No matter the verdict of history, or hindsight, as a former secretary of the Commerce Department and a student of government, Hoover was capable and prepared when he entered office. He was presented with an economy that lacked the market controls we have today and in which the federal government played a much smaller role than it has since.
The learned scholars whom Means cites will have to agree that Franklin Roosevelt's initial platform was not so dissimilar to Hoover's. FDR's New Deal was invented some time after he took office.

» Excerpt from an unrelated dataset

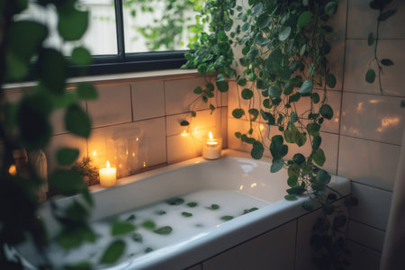 Warm water with eucalyptus leaves and foam, surrounded by candles and string lights, creating a cozy and relaxing atmosphere in a modern bathroom

"Gee-Dub," on the other hand, was prepared neither by training nor intelligence. He was handed a strong, stable economy, one that has simply not been able to withstand the hammering his obtuse policies and boardroom deals have inflicted on it.
Allowing oil companies and energy traders like Enron full run of the field for two years extracted untold billions from consumers and businesses alike, and threw long-term planning into confusion. Power, transportation and consumer's disposable income all felt the bite. The airlines, for example, were already in trouble from this cause prior to 9/11.
Then he pushed through tax breaks for the wealthy, a scheme advertised as an economic stimulus. The result instead has been a drag, creating deficits out of surpluses, leading to higher interest rates in the future and withdrawing significant government demand from the market.
Means is right when she implies stagnation and recession will be the result of Bush's continued political favoritism and intransigent addiction to tax cuts. She is wrong to ascribe to him the purpose and principle that motivated Herbert Hoover.